Suivant l'exemple du Dr Olivier Ameisen, 30.000 français l'utilisent pour tout autre chose : vaincre leur dépendance à l'alcool.

Ce nouvel avis représente un pas important par rapport au précédent avis de cette autorité de contrôle, en juin dernier : il s'agissait d'une mise en garde. Aujourd'hui, l'agence admet "le recours au baclofène au cas par cas et avec une adaptation de la posologie individuelle afin de garantir dans le temps la dose utile pour chaque patient ".

Maintenant, les essais scientifiques

L'Afssaps reste toutefois prudente : "Une meilleure connaissance du profil de sécurité d'emploi du baclofène est absolument nécessaire. La prise en charge de l'alcoolo-dépendance implique une approche globale par des médecins expérimentés ".

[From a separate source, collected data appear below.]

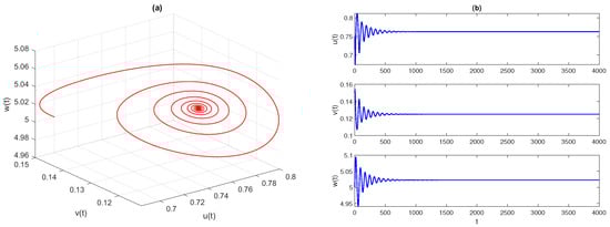 The eigenvalues of the Jacobian matrix J evaluated at are and . Clearly, 1 is always positive, and and are always negative. Therefore, the species-free equilibrium is unstable. This result biologically implies long-term surveillance. It means that none of the species will become extinct at the same time. □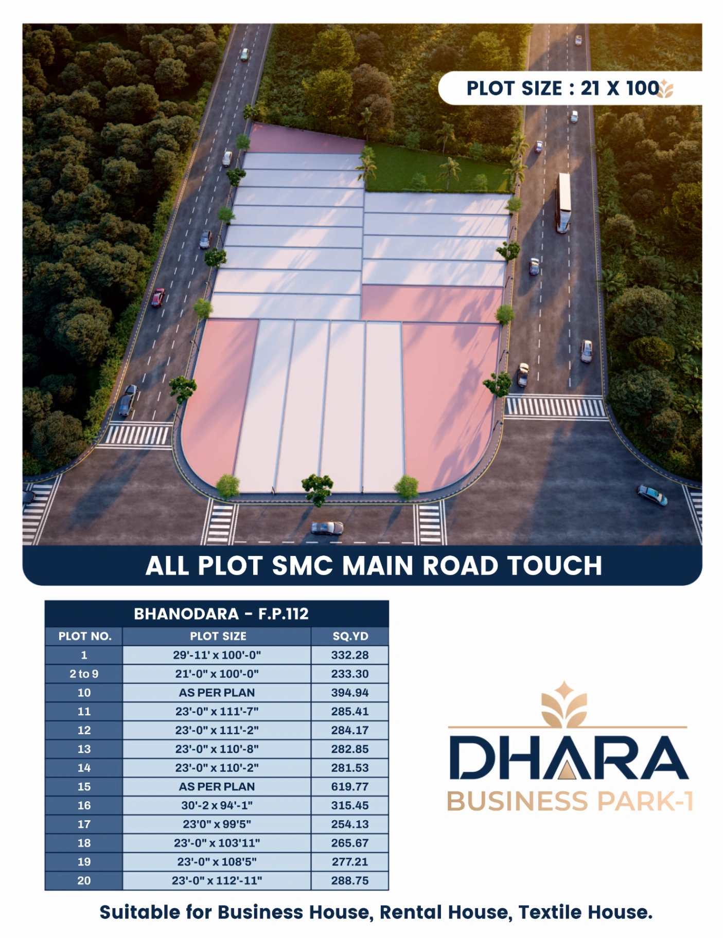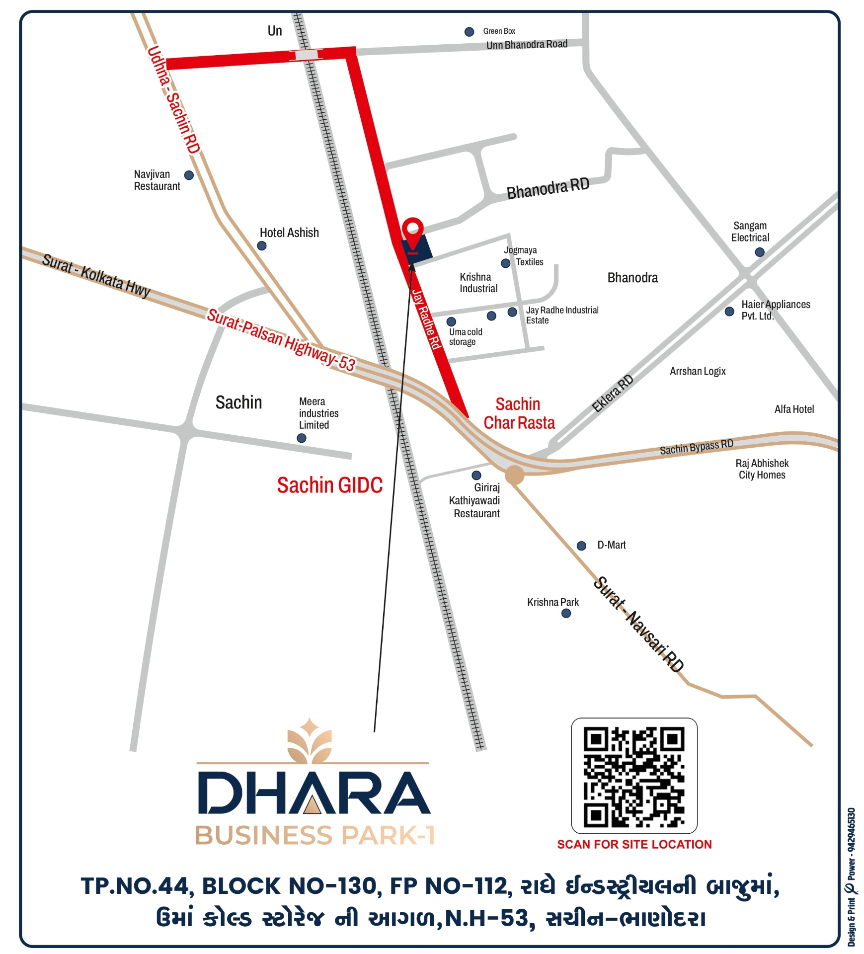 ધારા બિઝનેસ પાર્ક સચિન-ભાનોદરા ના ઝડપી વિકસતા ઇન્ડસ્ટ્રિયલ ઝોનમાં આવેલ પ્રીમિયમ ઇન્ડસ્ટ્રીઅલ ઓપન પ્લોટ છે. મેન્યુફેક્ચરિંગ યુનિટ, અને કોઈપણ પ્રકારના ઇન્ડસ્ટ્રિયલ સ્ટાર્ટઅપ માટે આ લોકેશન સંપૂર્ણ રીતે સુલભ છે.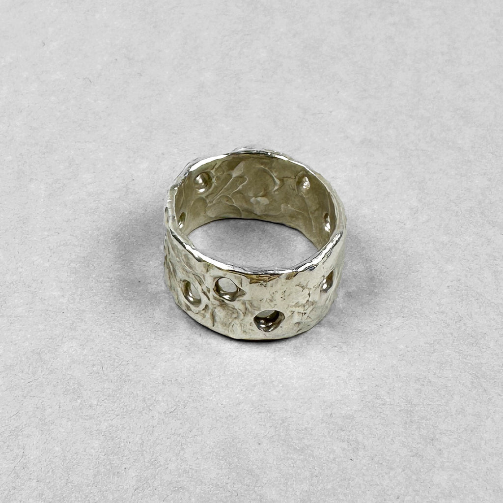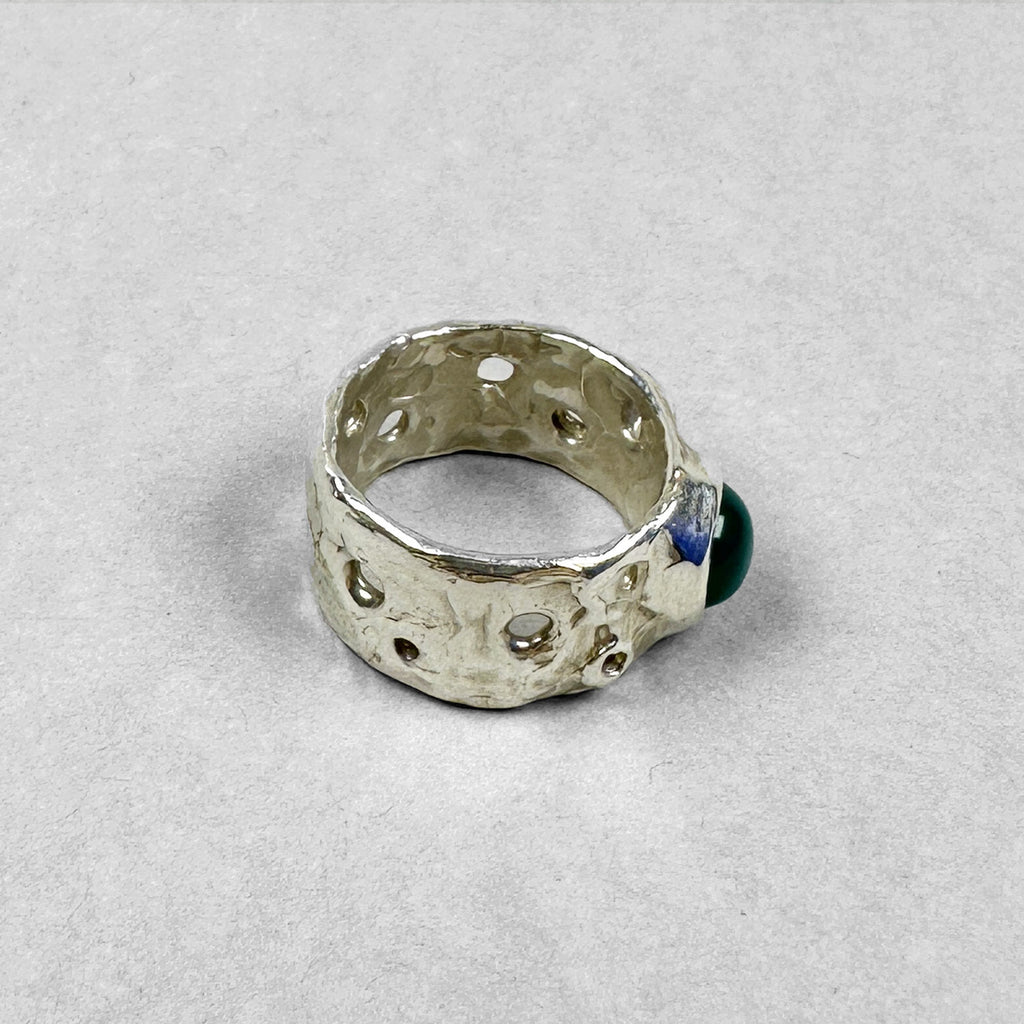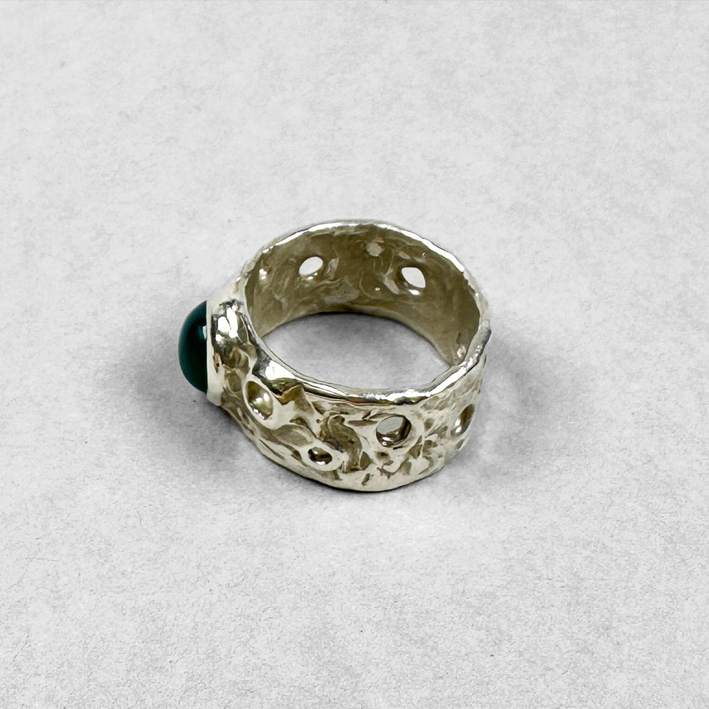 Anello testurizzato e traforato in argento con cabochon di onice verde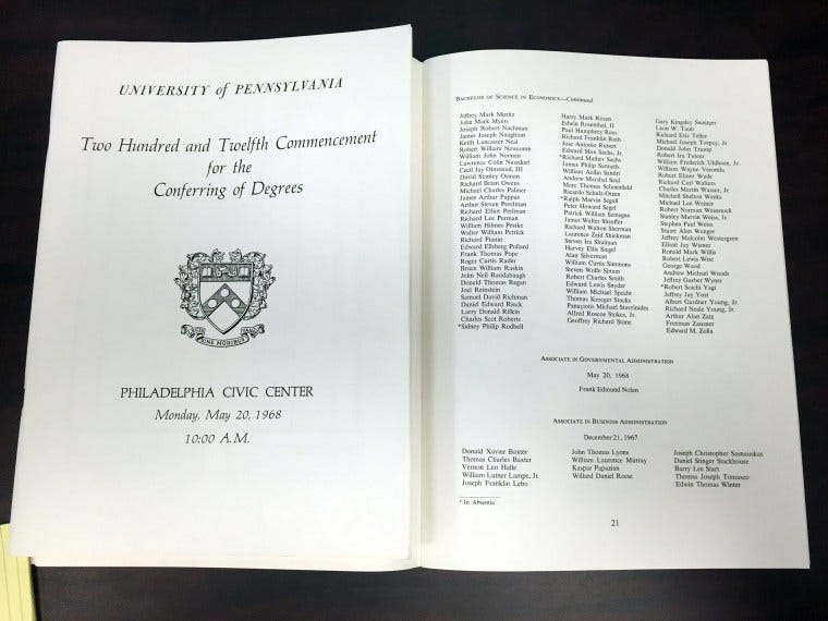 A program from the 1968 University of Pennsylvania graduation, listing Donald Trump's name for a Bachelor of Science degree in economics from the Wharton School.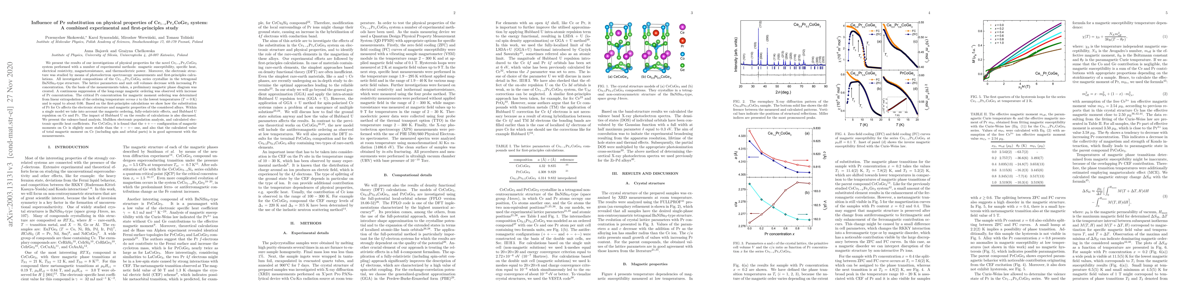 We present the results of our investigations of physical properties for the novel Ce$_{1-x}$Pr$_x$CoGe$_3$ system performed with a number of experimental methods: magnetic susceptibility, specific heat, electrical resistivity, magnetoresistance, and thermoelectric power. Moreover, the electronic structure was studied by means of photoelectron spectroscopy measurements and first-principles calculations. All investigated compositions of the Ce$_{1-x}$Pr$_x$CoGe$_3$ series crystallize in the tetragonal BaNiSn$_3$-type structure. The lattice parameters and unit cell volumes decrease with increasing Pr concentration. On the basis of the measurements taken, a preliminary magnetic phase diagram was created. A continuous suppression of the long-range magnetic ordering was observed with increase of Pr concentration. The critical Pr concentration for magnetic moment ordering was determined from linear extrapolation of the ordering temperature $versus$ $x$ to the lowest temperatures ($T = 0$ K) and is equal to about 0.66. Based on the first-principles calculations we show how the substitution of Pr for Ce affects the electronic structure and magnetic properties of the considered alloys. Within a single model we take into account the magnetic ordering, fully-relativistic effects, and Hubbard U repulsion on Ce and Pr. The impact of Hubbard U on the results of calculations is also discussed. We present the valence-band analysis, Mulliken electronic population analysis, and calculated electronic specific heat coefficients. For CeCoGe$_3$ it is found that the $++--$ configuration of magnetic moments on Ce is slightly more stable than the $+-+-$ one, and also that the calculated value of total magnetic moment on Ce (including spin and orbital parts) is in good agreement with the measurements.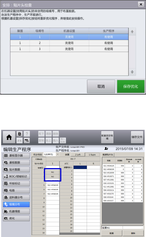 触摸[保存优化] ,则解除使用贴片头中被设定为 ON 的吸嘴号的配置 NG 并进行优化,继续进行安排工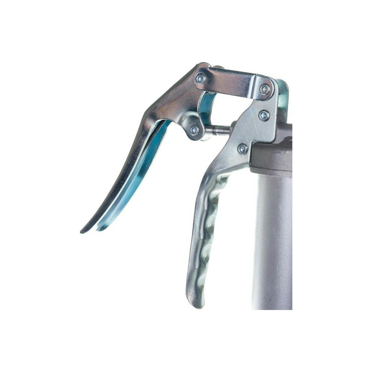 Очень популярный плунжерный шприц для одной руки – это высококачественный инструмент, предназначенный для использования в ограниченных пространствах и доступе к пресс масленке, многократного ежедневного применения. Область применения – промышленность, легковой и грузовой автотранспорт, сельскохозяйственная и строительная техника, горное дело. Развивает рабочее давление 5000 PSI / 345 BAR с возможностью дозированной подачи смазки. Имеет порошковое покрытие, обладает прочной конструкцией корпуса (1,2 мм), профессиональной пружиной, ЧПУ головкой, большими круглыми насадками для быстрой и простой заправки. Удобный механизм и конструкция рукоятки не сдавливает пальцы при работе. Шприц имеет три варианта заправки: вручную шпателем, посредством специального прибора через загрузочный клапан, либо путем закладки стандартного картриджа объемом 400 грамм. Поставляется с гибким шлангом и профессиональной 4-х лепестковой насадкой.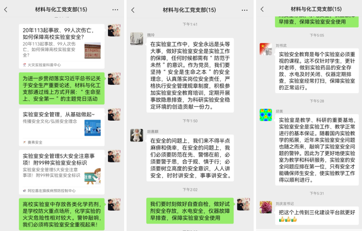 随着我校教学科研综合实力的逐步提升,无论从实验室数量上还是科研硬件上都有很大的发展。为了更好的使实验室为教学和科研服务,保障实验室安全,材料与化工支部党员于6月30日共同研讨了实验室安全管理问题,明确了实验室安全管理责任人的具体职责,部分党员实验室的安全责任人签署了“化学与材料学院实验室安全管理责任书”,积极为爱游戏ayx官网实验室的安全管理贡献自己的力量。7月1日,通过线上方式,支部书记刘倩结合高校实验室的特殊性展示了实验室安全管理面对的严峻形势,强调实验室安全管理的重要性和必要性,进一步确立了“生命至上、安全第一”的安全文化建设理念。支部党员均表示要提高认识、多做预防、把实验室安全工作做好做实。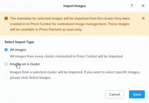 To import the Entrust Cryptographic Security Platform image from Nutanix Prism Element to Nutanix Prism Central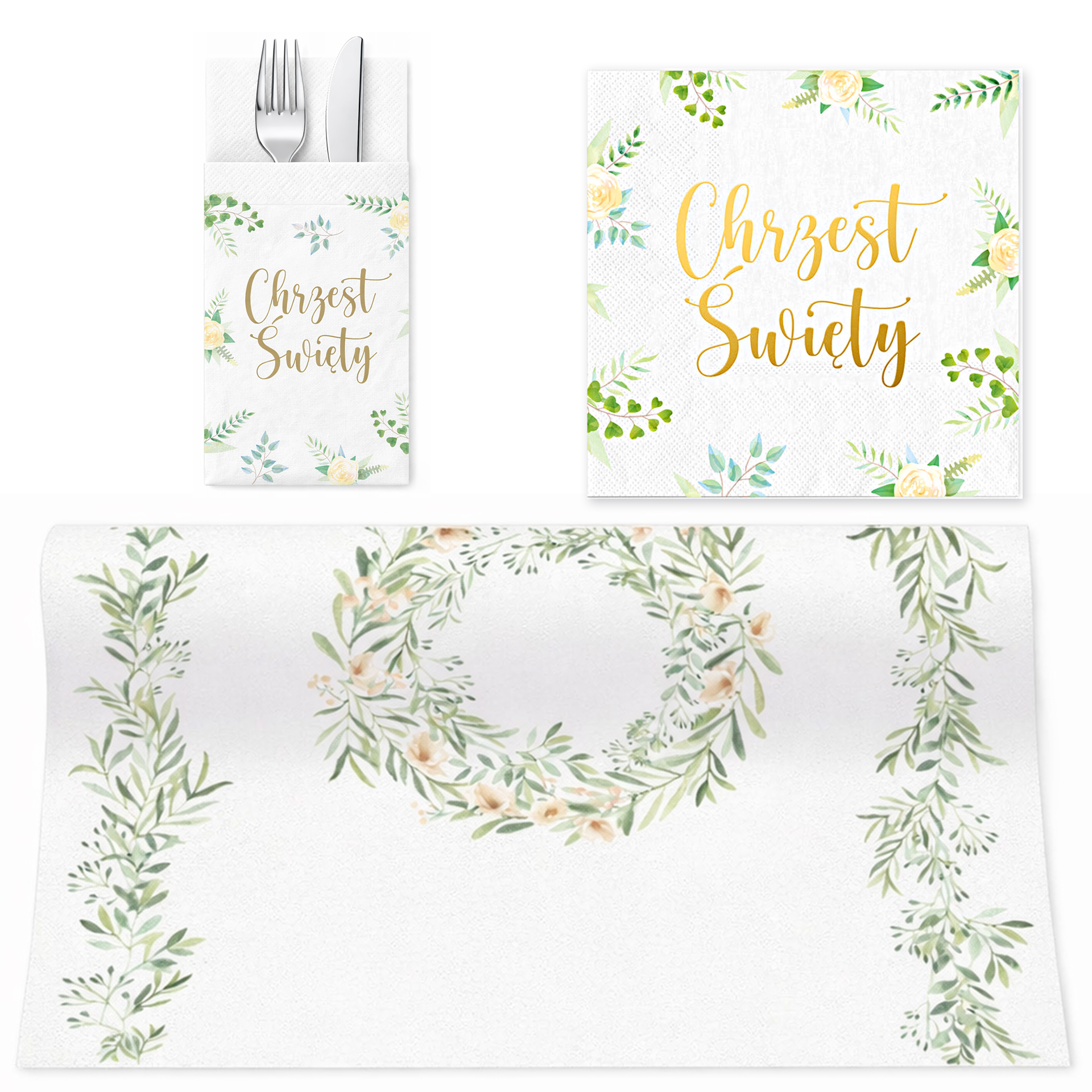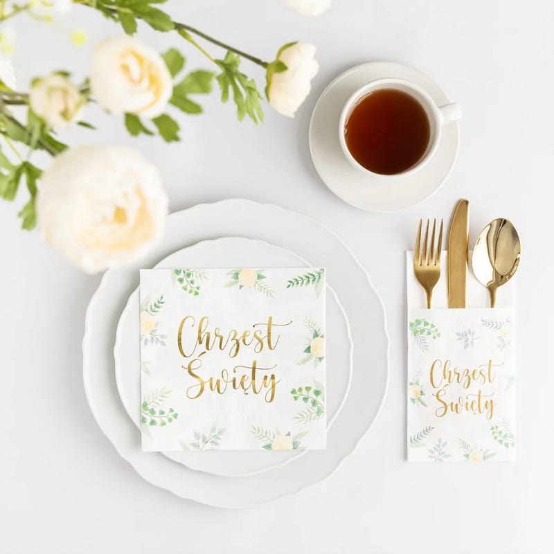 Zestaw dekoracji na Chrzest Święty to idealne rozwiązanie dla osób, które chcą przygotować elegancką i harmonijną oprawę przyjęcia. Motyw delikatnych liści i kwiatów w połączeniu ze złotymi napisami tworzy kompozycję pasującą zarówno dla chłopca, jak i dziewczynki. W skład zestawu wchodzi bieżnik na stół, serwetki oraz praktyczne kieszonki na sztućce. Wszystkie elementy zostały zaprojektowane w jednej stylistyce, dzięki czemu doskonale się uzupełniają i tworzą spójną dekorację stołu.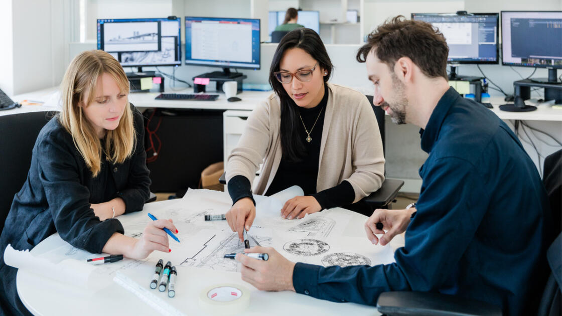 Collaboratively. We believe that the most successful projects are a result of open, honest and continuous dialogue between all parties involved – our client, design team, consultants, other stakeholders, and the community at large. Within the studio, collaboration between senior and junior staff encourages design innovation while providing great mentorship to the young and talented studio team.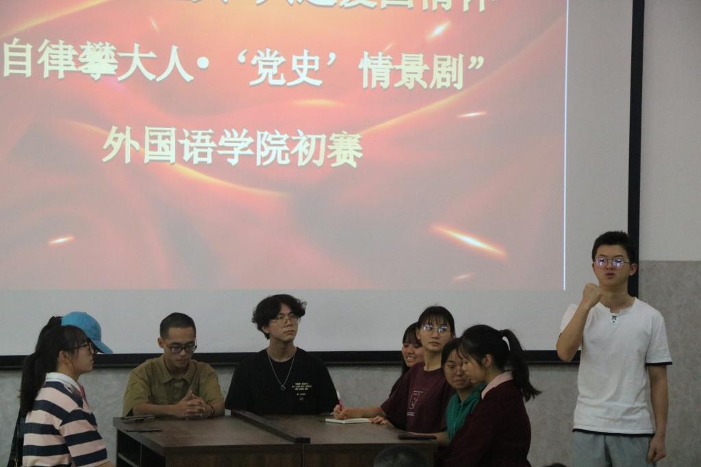 43日下午,我院自律攀大人•‘党史情景剧初赛在多功能厅顺利举行。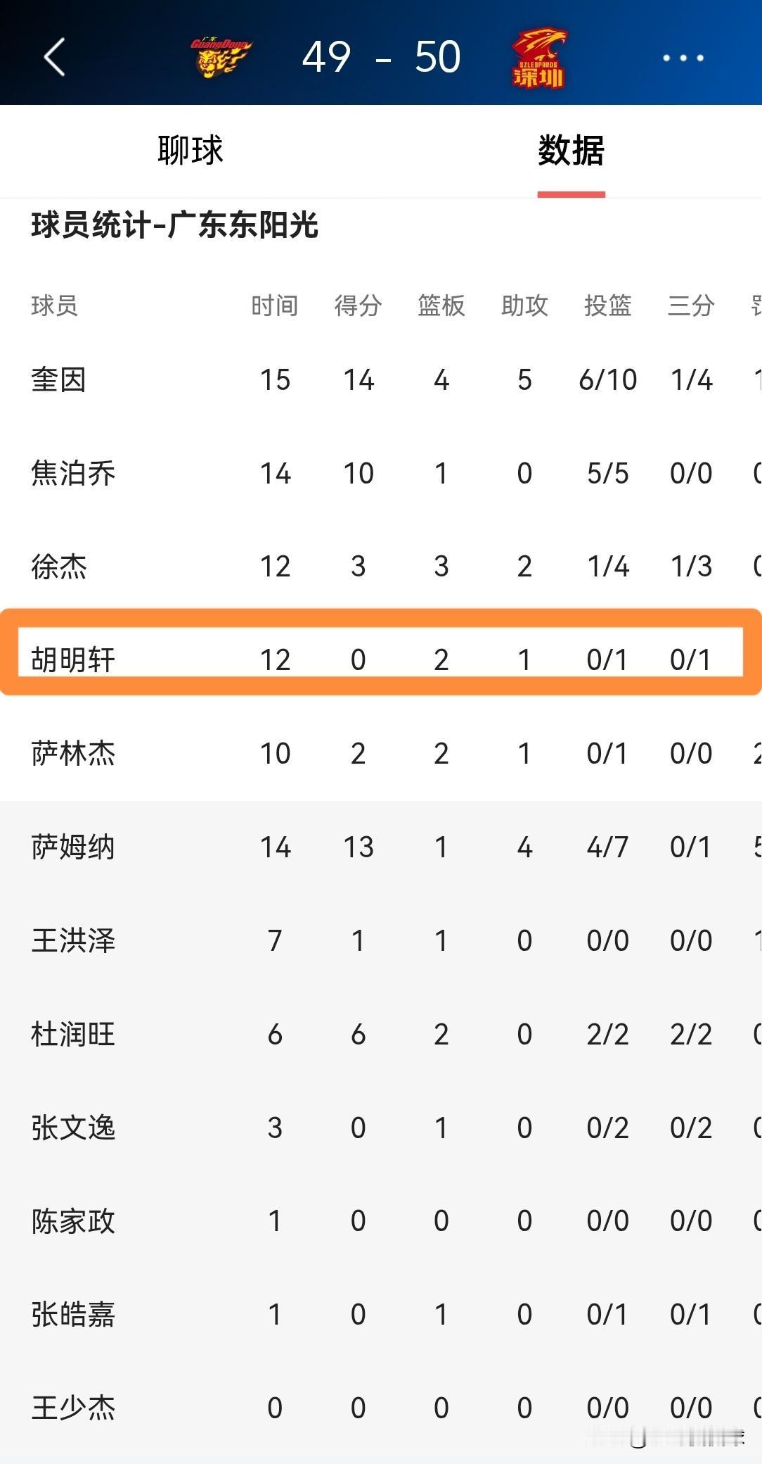 广东东阳光超级球星胡明轩真是太有自知之明了!在今天广东东阳光主场迎战深圳马可波罗的比赛中,目前双方的上半场比赛已经结束,广东东阳光暂时以49:50落后于对手。在前两节比赛中,胡明轩深知自己最近的投篮手感比较糟糕,因此他在首发出战的12分钟里仅仅出手了1次,没有得分,不过有2篮板1助攻,他的场上正负值为-10。 尽管今天胡明轩的状态依然非常低迷,但是我仍然要为他的自知自明点赞,希望他可以在下半场比赛中继续多传球少投篮。

Un essai clinique contrôlé, baptisé "Bacloville", est en cours avec  patients présentant une consommation d'alcool à haut risque qui seront suivis pendant au minimum un an. Une procédure scientifique très contrôlée, avec des patients qui prennent un placebo sans le savoir.

Une première évaluation préliminaire menée en France sur 132 personnes a atteint un taux de 44% de patients abstinents au bout d'un an. C'est deux fois mieux qu'avec les médicaments utilisés actuellement en France pour traiter l'alcoolisme.